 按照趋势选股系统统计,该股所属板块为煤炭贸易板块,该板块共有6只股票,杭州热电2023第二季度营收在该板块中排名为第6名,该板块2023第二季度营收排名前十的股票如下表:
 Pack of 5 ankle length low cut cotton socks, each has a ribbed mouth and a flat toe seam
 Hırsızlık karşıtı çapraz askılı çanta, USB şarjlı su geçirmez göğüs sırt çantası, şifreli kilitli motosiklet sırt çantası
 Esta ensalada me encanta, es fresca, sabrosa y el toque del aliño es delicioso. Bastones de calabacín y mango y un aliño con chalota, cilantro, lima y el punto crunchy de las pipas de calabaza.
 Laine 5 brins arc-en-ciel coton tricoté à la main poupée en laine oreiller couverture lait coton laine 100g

==

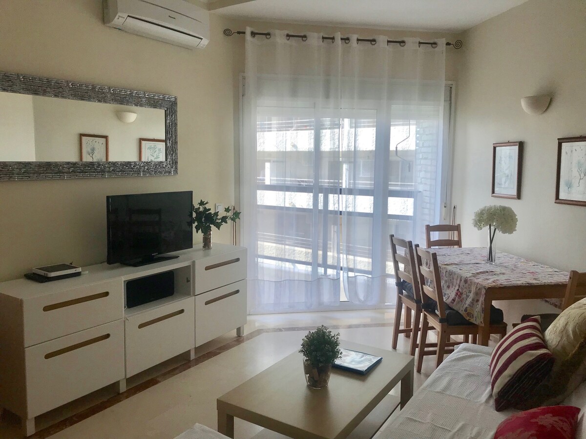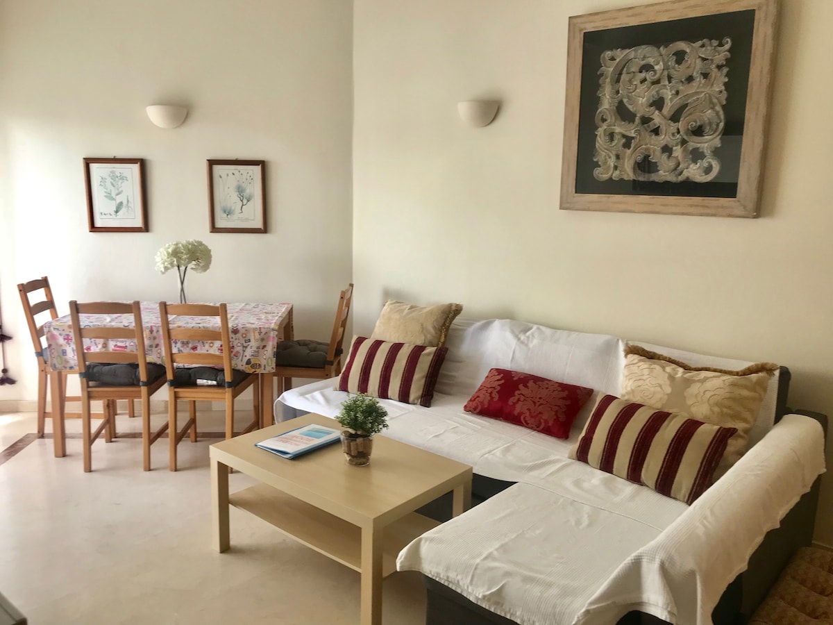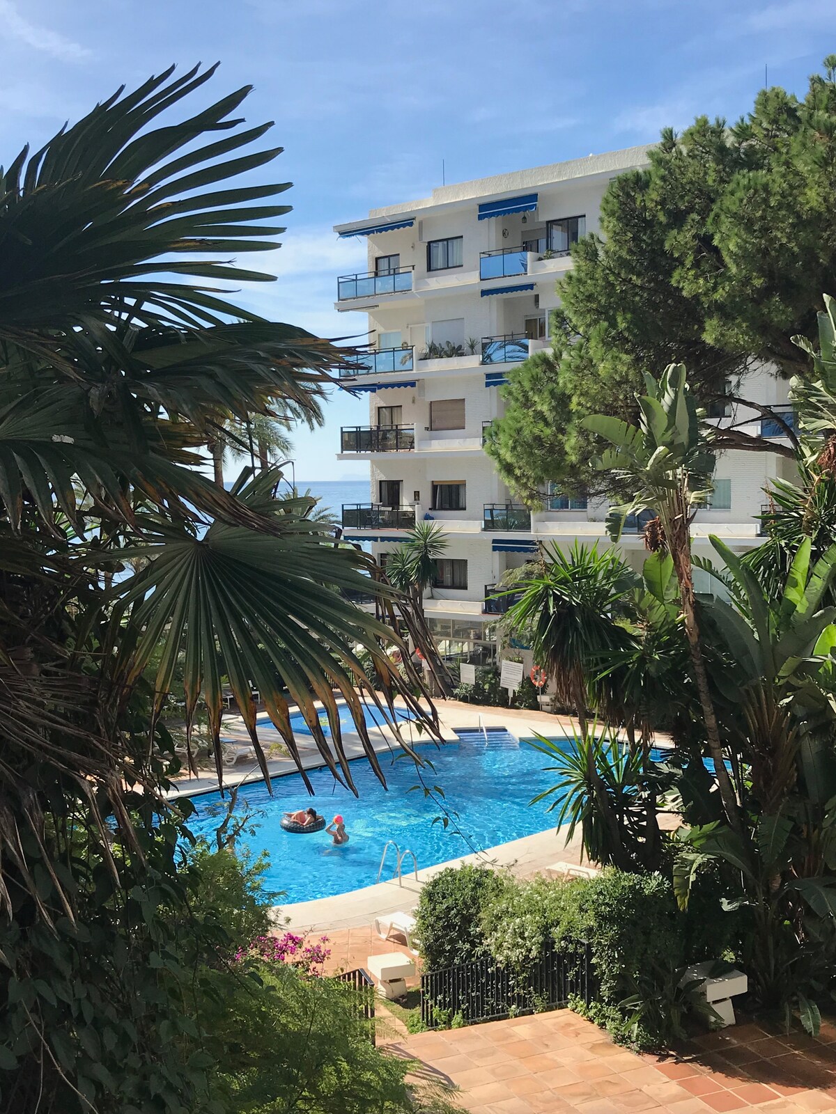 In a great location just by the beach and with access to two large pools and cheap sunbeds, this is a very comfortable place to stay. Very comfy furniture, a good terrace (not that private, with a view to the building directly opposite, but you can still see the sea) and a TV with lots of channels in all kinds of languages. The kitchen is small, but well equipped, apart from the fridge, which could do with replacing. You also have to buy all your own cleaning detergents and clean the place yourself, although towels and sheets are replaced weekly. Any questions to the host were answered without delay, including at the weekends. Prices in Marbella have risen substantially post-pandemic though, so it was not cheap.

...

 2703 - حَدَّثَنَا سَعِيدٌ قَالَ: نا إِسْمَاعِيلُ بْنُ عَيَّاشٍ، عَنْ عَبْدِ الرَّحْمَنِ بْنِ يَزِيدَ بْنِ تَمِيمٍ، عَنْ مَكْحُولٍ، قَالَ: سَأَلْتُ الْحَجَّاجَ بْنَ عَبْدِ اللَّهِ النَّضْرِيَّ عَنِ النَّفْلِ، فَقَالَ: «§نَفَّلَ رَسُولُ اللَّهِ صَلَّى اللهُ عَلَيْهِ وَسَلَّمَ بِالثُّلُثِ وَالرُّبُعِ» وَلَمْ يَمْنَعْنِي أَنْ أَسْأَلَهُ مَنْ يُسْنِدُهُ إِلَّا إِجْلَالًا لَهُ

INSTRUCTIONS FOR THE TASK = Only the lines above from the line containing "按照趋势选股系统统计,该股所" through the line containing "Pack of 5 ankle" should be retyped, exactly and with both ends included.

ANSWER SECTION =
 按照趋势选股系统统计,该股所属板块为煤炭贸易板块,该板块共有6只股票,杭州热电2023第二季度营收在该板块中排名为第6名,该板块2023第二季度营收排名前十的股票如下表:
 Pack of 5 ankle length low cut cotton socks, each has a ribbed mouth and a flat toe seam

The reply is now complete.